HB: Sustainable investing will continue to evolve and the role it plays in the world will depend on multiple factors, including politics, regulation, social trends, and technology. Regulation will continue to play a pivotal role. We hope to soon speak a unified language across the industry, enabling investors to make better informed decisions. New datasets are being developed, with nature and biodiversity as the next frontiers, closely linked to climate issues. On the social front, the EU is drafting a social taxonomy, though it faces challenges due to the complexity of these topics and differing views. Achieving consensus on social factors is undoubtedly more challenging than on environmental ones. The focus on fundamental issues, such as democracy and living in a free world, becomes paramount during times of geopolitical strife. These concepts evolve quickly, and there is still a lot of education needed.
ELJ: What are the biggest challenges facing the sustainable investing industry today?

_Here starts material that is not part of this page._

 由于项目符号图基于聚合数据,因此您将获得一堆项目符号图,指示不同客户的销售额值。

HB: One of the biggest challenges is political. Sustainability is a long-term issue, and many environmental and social issues aren’t seen as priorities for politicians and even for many businesses. Take climate change: it’s the ultimate long-term problem in a world consumed by short-term crises. In this election year, we’ve seen many countries backtrack on many commitments related to climate policy.
Another big challenge for sustainable investing is being able to identify and manage trade-offs, both between environmental and social factors and within each pillar. That's why disclosure is crucial—it helps investors understand these trade-offs more clearly.

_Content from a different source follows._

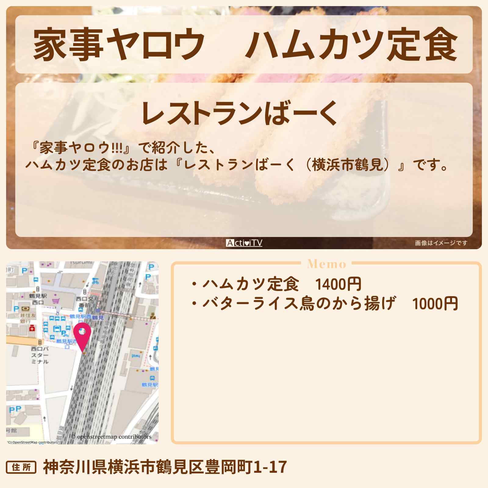 【家事ヤロウ】ハムカツ定食『レストランばーく(横浜市鶴見)』のお店情報
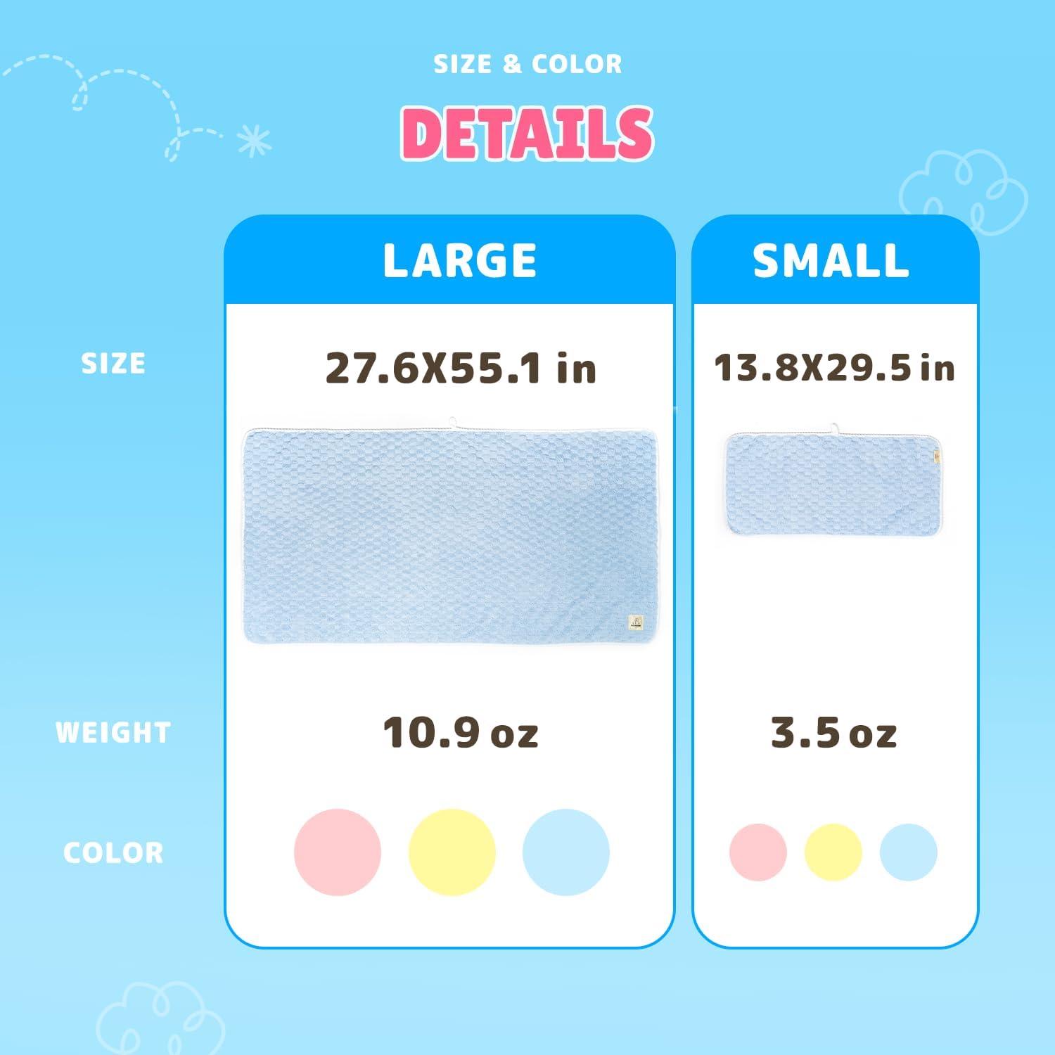 These towels are soft and absorbent. The smaller towel is perfect for face or paws. It dries quickly even due to its thickness.

ELJ: Where do you see the greatest opportunities for growth and innovation within ESG funds?
HB: A key opportunity lies in providing investors access to new asset classes such as private equity, infrastructure and real estate, where opportunities abound. However, access to these opportunities has been limited for many investors due to issues like illiquidity. In the UK and US, instruments are being developed to allow pension funds and other investors to participate in private markets. We also need more blended finance projects and greater investment in emerging markets, which are often riskier and less transparent. Ensuring these markets receive the necessary finance is crucial for the transition. Carbon offsets, despite receiving bad press, offer significant benefits for developing markets. Improving the integrity of this market is essential, as carbon offsets are vital for achieving net zero.
ELJ: What upcoming projects or initiatives at Morningstar Sustainalytics are you most excited about?
HB:We are excited about continuing to provide the necessary data, metrics, and analytics to help investors make sense of transition plans and engage in effective stewardship strategies. We're also focusing on the CSRD and the EU taxonomy. Additionally, we're exploring how to further leverage AI in data collection, research and reporting.